Module adapted from Kaggle: https://www.kaggle.com/code/mariapushkareva/medical-insurance-cost-with-linear-regression/notebook

Dataset source: https://github.com/stedy/Machine-Learning-with-R-datasets

## Introduction

Data Science is a multidisciplinary field that integrates computation, math/statistics, and domain knowledge to understand the world and solve problems. 

The data science lifecycle consists of:
1. Question/problem formulation
2. Data acquisition and cleaning
3. Exploratory data analysis and visualization
4. Prediction and inference

In this notebook, we will explore a sample data on medical insurance and practice handling data using Pandas.

In [None]:
import pandas as pd

## Pandas Basics 

After obtaining the data, the first step is to read the data into the Python notebook.

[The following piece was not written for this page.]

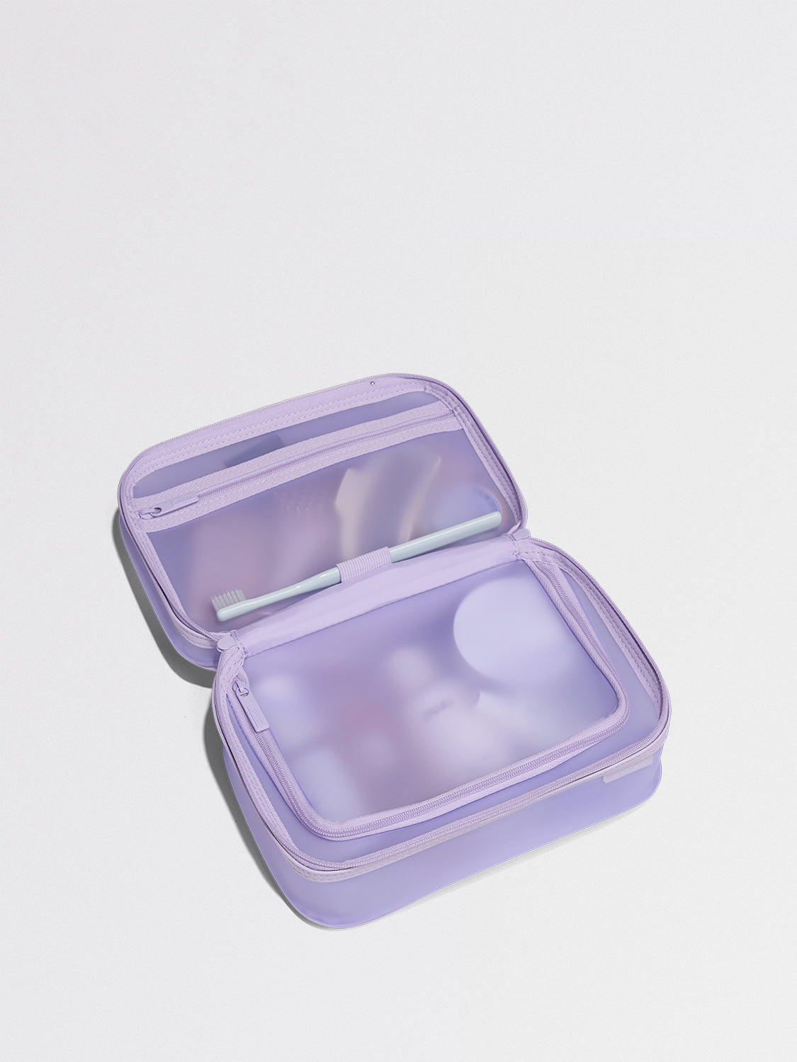 There's a lot to love about our toiletry bag collection, from the multiple inner compartments to the exterior pocket and wraparound zip closure. The Small Toiletry Bag has all the organization you need for shorter trips, with a handy clamshell opening for lay-flat use. One pocket has a transparent cover, while the other features mesh, keeping all of your things visible and secure. That means plenty of storage for small bottles, brushes, wipes, and other essentials.

We will use the Pandas data structure to store our data and use it for further analysis.

In [None]:
# Read the csv file into a Pandas data frame
insuranceDF= pd.read_csv('data/insurance.csv')

# Preview the dataframe (useful to double-checking your work)
insuranceDF

In [None]:
# Note: The index can be non-numerical and non-unique

# Set the "sex" column to be the index
insuranceDF.set_index("sex", inplace=True)

In [None]:
# For our usecase, we would like to keep the default index setting
insuranceDF.reset_index(inplace=True)
insuranceDF

In [None]:
# Use loc to select rows/columns by label name

# View the information for person number 5 to 10 (inclusive)
insuranceDF.loc[5:10]

In [None]:
# View only the demographic information for person number 5 to 10 (inclusive)
insuranceDF.loc[5:10, "sex":"region"]

In [None]:
# View only the sex, bmi, and smoker information for everyone
insuranceDF.loc[:, ["sex", "bmi", "smoker"]]

In [None]:
# Pandas can also use iloc to select rows/columns by number
# Note: Counting start with 0 and the end is not inclusive

# View only the sex, bmi, and smoker information for the 5th to 10th person (inclusive)
insuranceDF.iloc[4:10, [0, 2, 4]]

In [None]:
# Determine if the person is female for everyone

# Note: The [] operator is the same as the loc operator
insuranceDF["sex"] == "female" 

# This is the same as 
# insuranceDF.loc[:, "sex"] == "female"

In [None]:
# Filter out our existing dataframe to include only the first 10 smokers on the list
insuranceDF.loc[insuranceDF["smoker"] == "yes"].head(10)

# This is the same as
# insuranceDF.loc[insuranceDF["smoker"] == "yes"].iloc[:10]

In [None]:
# Statistics that is reported by default for dataframes
insuranceDF.describe()

In [None]:
# Statistics that is reported by default for series (numerical)
insuranceDF["bmi"].describe()

In [None]:
# Statistics that is reported by default for series (non-numerical)
insuranceDF["smoker"].describe()

In [None]:
# Obtain the demographics of the 10 people with the lowest insurance charges
insuranceDF.sort_values("charges", ascending=True).head(10)

In [None]:
# Add a column named "parent" that determines whether a given person is a parent given the number of children they have.

def isParent(children):
    if children > 0:
        return "yes"
    else:
        return "no"

insuranceDF["parent"] = insuranceDF["children"].apply(isParent)
insuranceDF

In [None]:
# Drop the newly created "parent" column
insuranceDF = insuranceDF.drop("parent", axis="columns")
insuranceDF

In [None]:
# Group all the people by region, aggregate by median value
insuranceDF.groupby("region").agg('median')

In [None]:
# Keep only regions where the mean BMI is greater than 30

def isHighMeanBMI(df):
    return df['bmi'].mean() > 30

insuranceDF.groupby("region").filter(isHighMeanBMI)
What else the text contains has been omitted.